The Oswald-Plique Samianware Collection

The Oswald-Plicque Collection was the personal samian collection of Dr. Felix Oswald. It was acquired by Professor Eric Birley for Durham University in 1950 and is now housed in the the Old Fulling Mill Museum of Archaeology.

Background to the Collection

Dr. Felix Oswald, born 1866, specialised initially in botany, zoology and geography. His interest in samian was formed at a young age, one of the sherds in his collection being labelled in his handwriting as “Barge Yard, purchased 1880”. By profession a District Probate Registrar, Oswald’s amateur interest in archaeology continued into adult life in the form of archaeological excavations at Margidunum, Nottingham, and finally to the research and publication in 1920 of An Introduction to the Study of Terra Sigillata. His two other major works on samian ware, the Index of Potters’ Stamps on Terra Sigillata and Index of Figure Types on Terra Sigillata appeared in 1931 and 1937 respectively.

Oswald appears to have had a particular interest in samian from London. 273 sherds excavated in London but provenanced to both Central and Southern Gaul formed the nucleus of his collection and all were annotated in great detail. Oswald acquired his section of the Plicque Collection sometime between 1931 and 1936 from the widowed Mme.
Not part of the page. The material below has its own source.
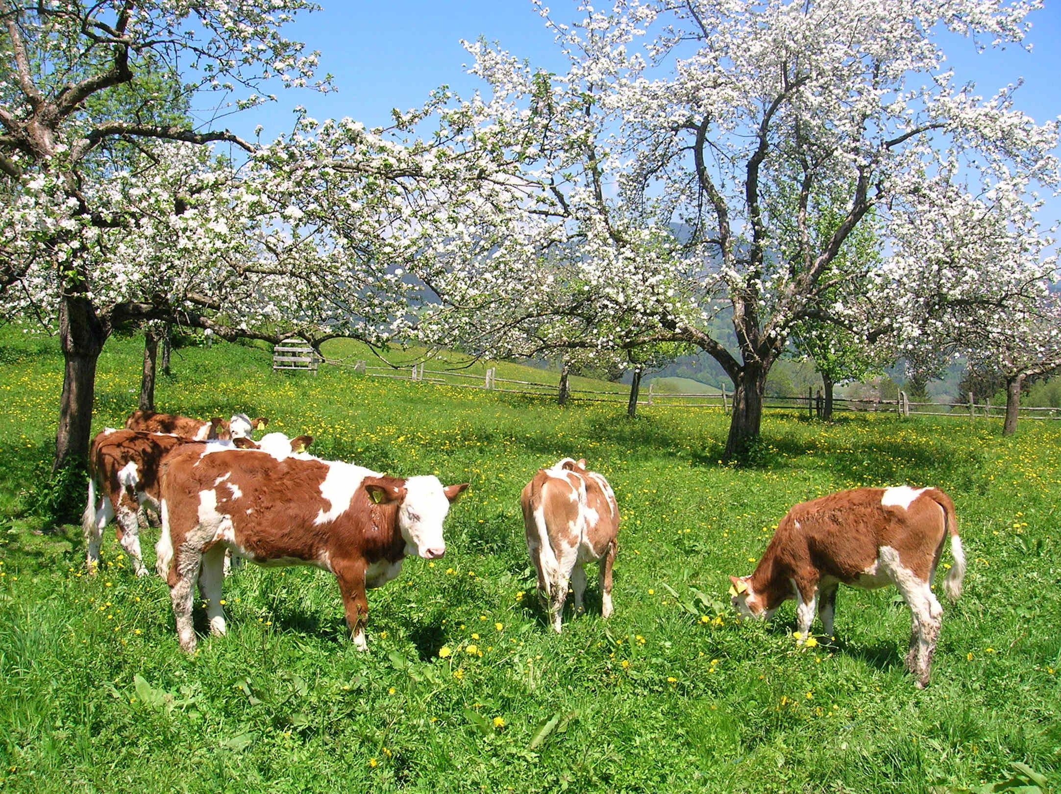Kälber im blühenden Obstgarten

Plicque. This forms the largest section of Oswald’s collection and contains Central Gaulish samian, either from the site of Les Martres de Veyre on the Allier, or from Dr. Alfred-Edward Plicque’s excavations at Lezoux, a few miles further north (undertaken between 1879 and 1894).

Oswald’s original allegiance was not to Durham but to Nottingham University, where he had worked on the material from Margidunum. He had already given a section of the Oswald-Plicque Collection, namely the plain ware, the stamps and the complete bowls (some of which were decorated) to Nottingham University by the time the rest of the collection was offered to Eric Birley.
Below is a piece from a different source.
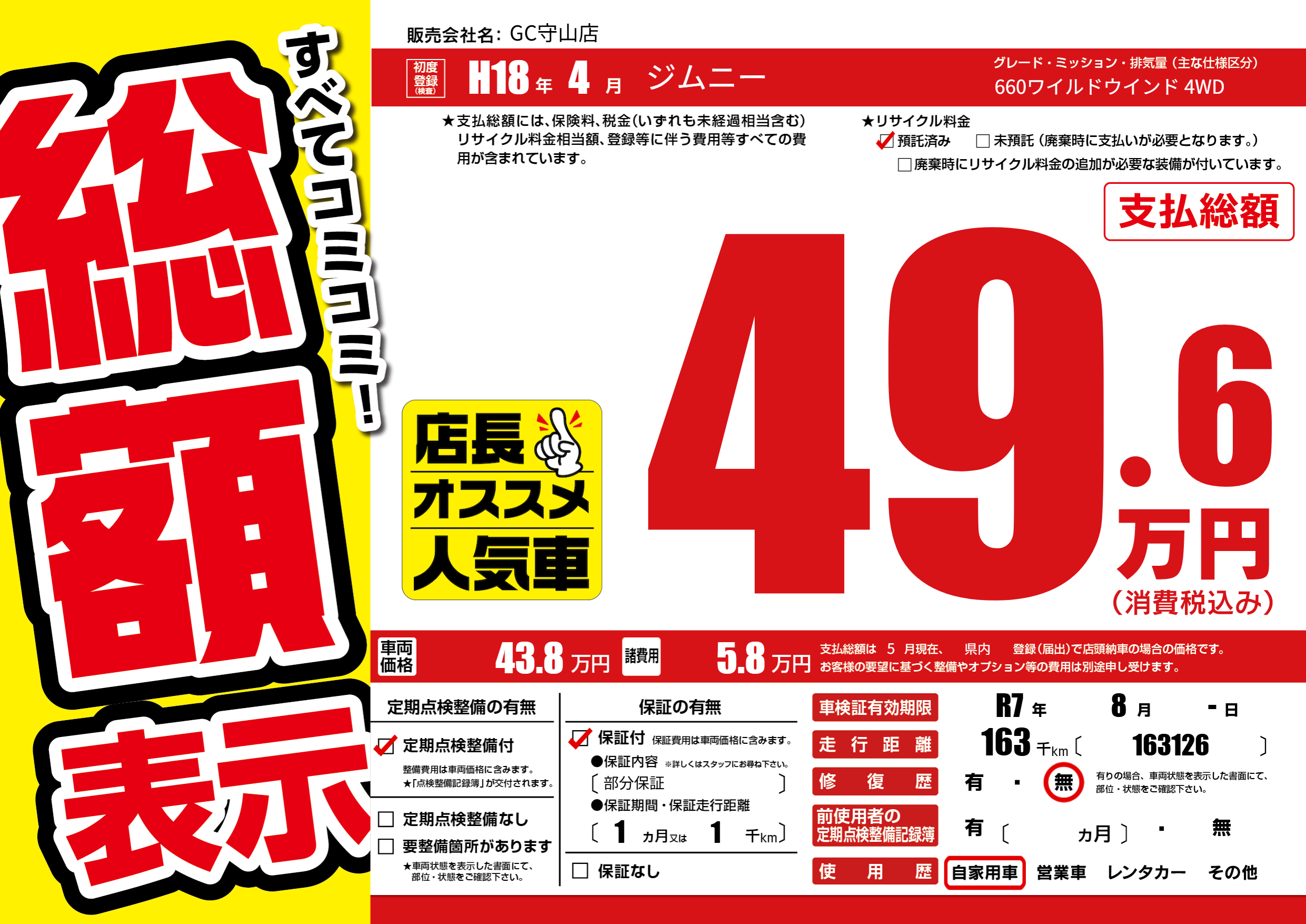 | 走行キロ | 16.3万km | 初年度登録 | H18年4月 |

Other Plicque material had already been dispersed after the death of Dr. Plicque around 1901: the main body of the collection is housed in the Musée d’Antiquités Nationales, St. Germain-en-Laye, Paris. Other collections of Plicque material are known at Montpellier, Leiden and Clermont Ferrand.

The Research Resource

The Oswald-Plicque Collection in Durham comprises nearly 5000 sherds of figured samian, 90% of which is Central Gaulish and 10% of which is South Gaulish material. Dr. Oswald identified 99 potters’ styles and the collection has examples of many more, ranging in date from the first century material of Lezoux and South Gaul to the latest products of Lezoux. In addition to the samian itself, the collection includes 4646 samian drawings by Dr. Oswald.


Collection of Roman Inscriptions


A collection of over fifty inscribed and sculptured Roman stones is on long term loan to the museum from the Dean and Chapter of Durham Cathedral. The collection is remarkably comprehensive and forms the earliest group in public ownership in the North of England. It has exhibits from the main forts in (pre-1974) County Durham and in Northumberland from Corbridge and High Rochester along the line of Dere Street, the Roman Great North Road. It also contains one or more inscriptions from nearly every fort along the line of Hadrian's Wall in Northumberland.
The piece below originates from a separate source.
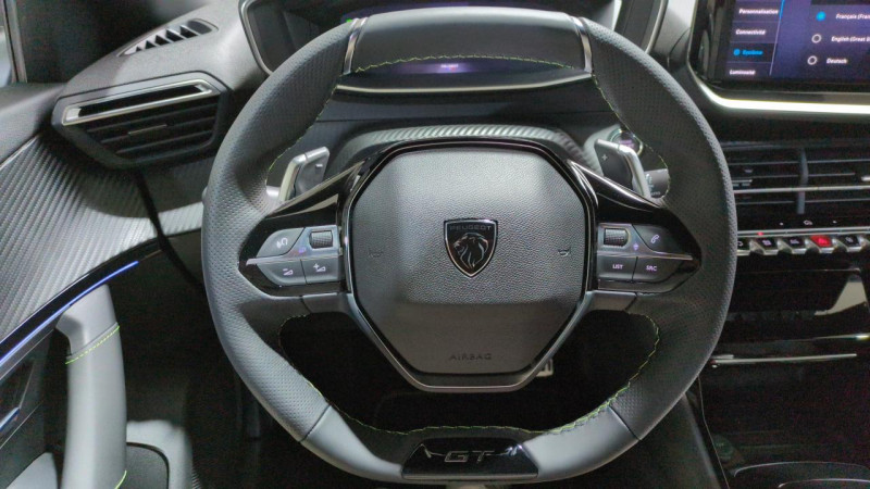 ...) + alerte active de franchissement involontaire de ligne et bas-côté +reconnaissance étendue des panneaux de signalisation et préconisation de vitesse + alerte attention conducteur + freinage d'urgence automatique de jour et de nuit (3 caméras & radar) / 4 poignées de maintien rétractables (2 à l'av et 2 à l'ar) / 6 airbags (frontaux auto-adaptatifs / 6 hps (2 tweeters et 2 woofers à l'av et 2 hps à l'ar) / Accès et démarrage mains libres proximity / Accompagnement tep isabella / Air conditionné automatique monozone / Barres de toit longitudinales noir brillant / Bluetooth + mirror screen sans fil (apple carplay/android auto) + wifi + 1 prise usb type c ( data+charge) + 1 prise usb type c (charge) sur console av / Boîte de vitesse automatique / Canule d'echappement double chromée / Commutation automatique des feux de route / feux de croisement / Console haute avec accoudoir & frein de stationnement électrique 1 prise usb type c (charge) et 1 prise usb type a (charge) pour passagers ar / Cyclistes / Détection élargie (3 caméras haut de pare-brise) et protection des usagers de la route vulnérables (piétons / Eclairage polyambiant 8 couleurs (liés aux modes de conduite) / Eléments de style éxterieur : lécheurs de vitres noir brillant + katana noir mat avec insert noir brillant et monogramme gt + protections latérales de portes noir grainées avec inserts gris météor + becquet ar noir perla nera + seuils de porte aluminium avec lettrage peugeot noir / Eléments de style intérieure: planche de bord moussée avec double surpiqûres adamite/tramontane et baguette noir brillante avec jonc chromé et jonc lumineux + panneaux de portes av avec décor carbone et baguette noir brillante et jonc lumineux (8 couleurs) et crosse de tirage tep isabella mistral + / Esp déconnectable avec aide au démarrage en pente et détection de sous gonflage indirecte / Graphique et sonore + rétroviseurs extérieurs éclairage d'accueil led + témoins de surveillance angles morts + peugeot i-connect advanced navigation 3d connectée + ecran tactile 10" hd + régulateur vitesse adaptatif + aide au maintien dans la voie + recharge smartphone sans fil 15w / Habitacle et ciel de pavillon noir / Jantes alliage 18" evissa diamantées bi-tons noir onyx et vernis black mist avec inserts noir onyx mat / Kit de dépannage de pneumatique compresseur 12 v avec cartouche de produit de colmatage / Latéraux av et rideaux av/ar) / Lève-vitres av/ar électriques et séquentiels avec antipincement / Pack safety plus : freinage automatique d'urgence avec alerte risque de collision / Pack visibilité : allumage automatique des feux de croisement : essuie vitre av à déclenchement automatique : eclairage extérieur d'accueil et d'accompagnement / Pack vision & navigation & drive assist plus : visio park 2 : caméras av + recul hd avec restitution sur écran tactile de vue av-ar + de vue de l'environnement du véhicule sur 360° + aide au stationnement av-ar / Pédalier sport aluminium / Peugeot i-cockpit 3d avec combiné tête haute numérique 10" numérique / Peugeot i-connect: radio dab avec écran tactile couleur personnalisable 10" hd / Plancher de coffre modulable 2 positions / Projecteurs peugeot upper full led technology avec feux diurnes à led 3 griffes / Rétroviseur intérieur électrochrome / Rétroviseurs extérieurs dégivrants avec réglage et rabattement électriques / Sélecteur de mode de conduite normal/eco/sport / Sellerie tissu belomka / Séquentielle (6 rapports) / Siège passager av avec réglage manuel en hauteur / Teinte métallisée gris artense / Toit black diamond / Trimatière uni capy et surpiqûres vert adamite / Vitres latérales ar et lunette ar chauffante temporisée surteintées / Volant compact cuir fleur avec commandes multimédia intégrées

The greater part of the collection had been assembled by the 1750's. In 1754, William Stukely, in writing to the Princess of Wales, says that in the Chapter Library at Durham 'there is a very fine collection of Roman antiquitys, which I coppyed in the year 1725. I observe that they are very elegantly cut, both as to letters and sculpture of figures....'.

The collection comprises dedications to deities, Imperial and official inscriptions, one milestone and a tombstone. The collection is of national and international significance for all scholars researching the Western Roman Empire.

This collection is augmented by other significant Roman material from the excavations of Professor Eric Birley and from the Roman fort of Vinovia (Binchester), County Durham.